What you will do: All of the data, word for word and free of pictures, is the expected result.

Data provided:

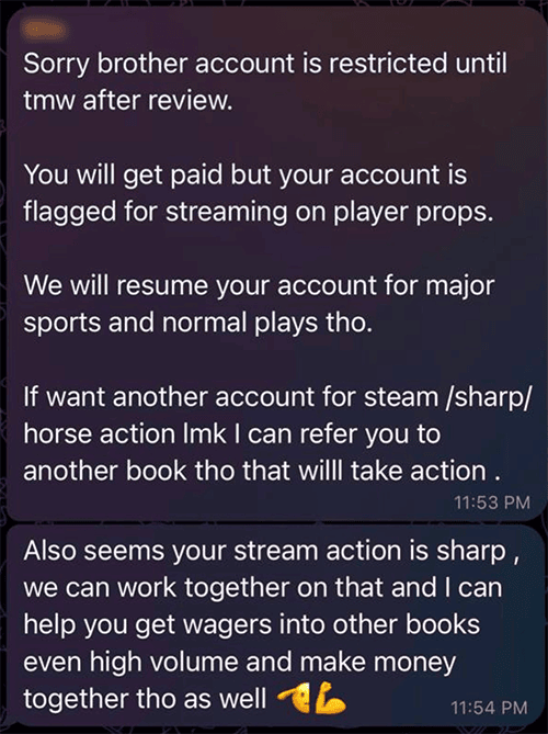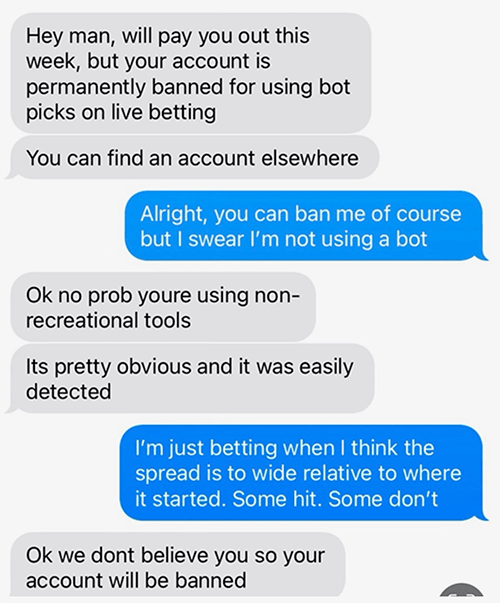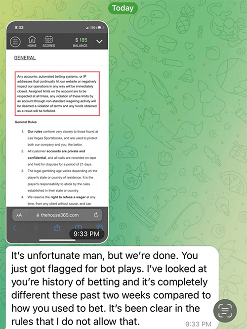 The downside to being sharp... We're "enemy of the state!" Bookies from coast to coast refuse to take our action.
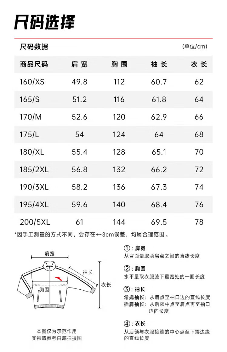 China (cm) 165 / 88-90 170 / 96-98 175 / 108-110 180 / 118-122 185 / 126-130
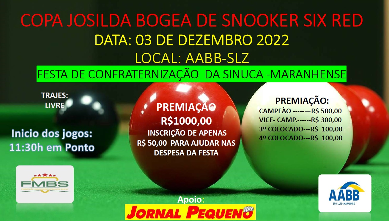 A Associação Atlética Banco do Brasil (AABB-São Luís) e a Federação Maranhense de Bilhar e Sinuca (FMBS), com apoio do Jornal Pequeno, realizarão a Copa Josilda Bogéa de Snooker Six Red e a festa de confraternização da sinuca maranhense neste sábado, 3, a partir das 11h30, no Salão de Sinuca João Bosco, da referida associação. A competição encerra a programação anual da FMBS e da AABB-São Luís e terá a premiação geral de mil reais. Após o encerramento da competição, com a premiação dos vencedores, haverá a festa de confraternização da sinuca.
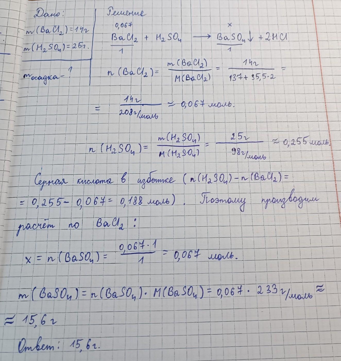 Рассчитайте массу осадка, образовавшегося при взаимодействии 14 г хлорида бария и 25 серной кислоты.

Task answer:
 The downside to being sharp... We're "enemy of the state!" Bookies from coast to coast refuse to take our action.
 China (cm) 165 / 88-90 170 / 96-98 175 / 108-110 180 / 118-122 185 / 126-130
 A Associação Atlética Banco do Brasil (AABB-São Luís) e a Federação Maranhense de Bilhar e Sinuca (FMBS), com apoio do Jornal Pequeno, realizarão a Copa Josilda Bogéa de Snooker Six Red e a festa de confraternização da sinuca maranhense neste sábado, 3, a partir das 11h30, no Salão de Sinuca João Bosco, da referida associação. A competição encerra a programação anual da FMBS e da AABB-São Luís e terá a premiação geral de mil reais. Após o encerramento da competição, com a premiação dos vencedores, haverá a festa de confraternização da sinuca.
 Рассчитайте массу осадка, образовавшегося при взаимодействии 14 г хлорида бария и 25 серной кислоты.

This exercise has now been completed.